U.S Market (1st Dec. 2025)
For investors tracking U.S. equities, bonds, and FX
Global Macro Overview
- Global PMIs (Nov): Manufacturing 50.3, Services 51.1 → global activity remains in slow-expansion mode.
- Global inflation pulse: Headline inflation easing across major economies; core inflation still sticky.
- Liquidity: Global M2 growth has turned positive for 3 consecutive months, suggesting early recovery in global liquidity conditions.
- Commodities: Oil trading in the $78–82 range keeps energy inflation contained.
U.S. Macro
1) Labor Market — This Week’s Main Event
- Consensus for Nov Jobs Report:
- Nonfarm Payrolls: +140k–155k
- Unemployment: 4.3% → 4.4%
- Wage Growth: 3.4–3.6% YoY
Why it matters:
Recent Fed speeches emphasize “proceed carefully.”
- A soft labor print → increases odds of a January rate cut.
- A hot labor print → pushes easing into March or later.
This report directly shapes the rate path and market direction.
2) Inflation & Fed Policy
- Core CPI nowcast: ~3.1%
- Core PCE: ~3.0%
- Fed Funds Rate: 3.75–4.00%
Narrative:
The Fed acknowledges disinflation but warns the “last mile” to 2% is slow.

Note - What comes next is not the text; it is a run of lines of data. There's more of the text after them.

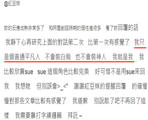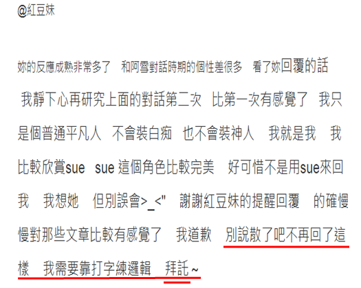 稱 Sue 是覺者 , 自己還可點評 Sue 太過理想
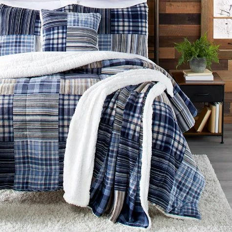 Snuggle up with this Coleman Wesson Patch Plush Sherpa Throw or Pillow. The throw is sure to keep you warm and cozy. The face of the throw is a blue and gray plaid on plush fabric. It reverses to a white sherpa backing. The pillow will give you a comfy place to rest your head or support your back. Throw50″ x 60″PolyesterMachine care ImportedPillow20″ sq.Polyester with polyfillImported
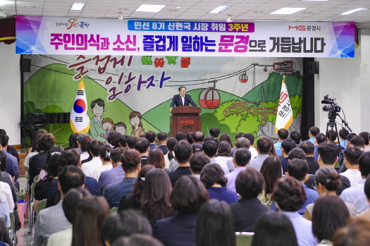 문경시는 7월 1일(화) 오전 시청 대회의실에서 신현국 시장의 민선8기 취임 3주년을 기념하는 정례조회를 개최했다.
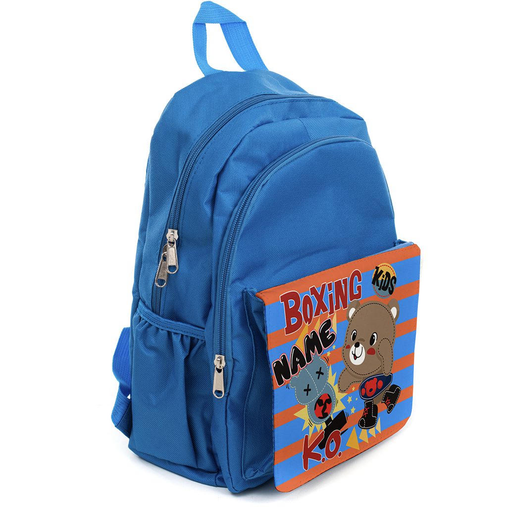 Personalised Boxing Bear Kids Blue Backpack KK07
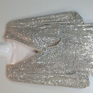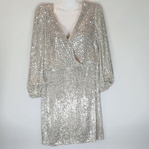 Eliza J Women's Sequined Blouson Shift Dress Silver Cream Size 12 NWT Party Glam
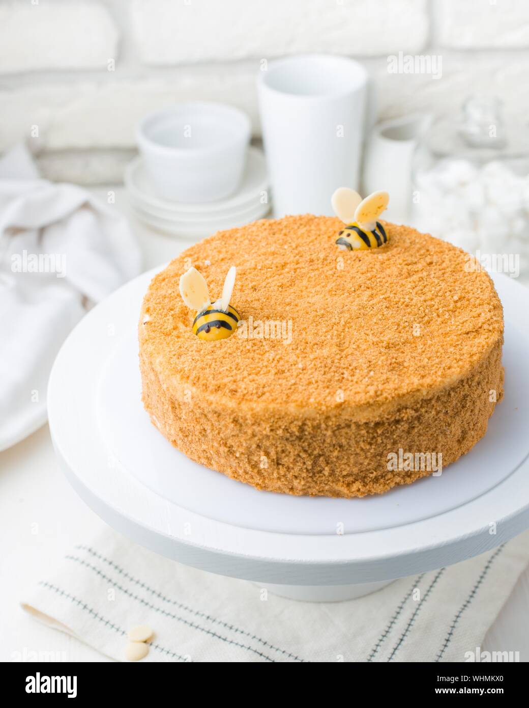 A Vertical Selective Closeup Shot Of An Orange Cake With Bee
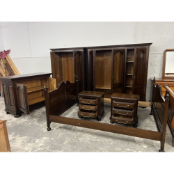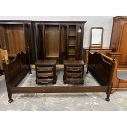 Składa się z dwóch szaf: 2- drzwiowej i 3-drzwiowej, komody, łóżka i dwóch szafek.

Markets expect 2–3 rate cuts in 2026, down from the 4+ cuts priced earlier in the year.
3) Equity, Bond, and Credit Tone
- Equities: Trading near cycle highs; earnings revisions stabilizing.
- Credit:
- IG Spread: ~110 bps
- HY Spread: ~380–400 bps
→ Credit markets show no systemic stress.
- Yield Curve: 2s/10s steepening to around +20–30 bps,
→ signaling normalization rather than recession.
4) Policy Watch — Trump Administration
- Expected December tiered tariff framework (5–10% baseline; selective higher brackets).
- Fiscal policy remains expansionary, raising medium-term concerns for long-term Treasury supply and yields.
- Immigration tightening could raise wage inflation in 2026.
Final Takeaway
The U.S. economy continues to soften but not break.
Inflation is easing gradually, liquidity is improving, and credit remains stable — but policy uncertainty is real.
Quality large caps, cash-flow-stable companies, and defense/infrastructure themes remain well positioned.
(This content is not investment advice. Investors are responsible for their own decisions.)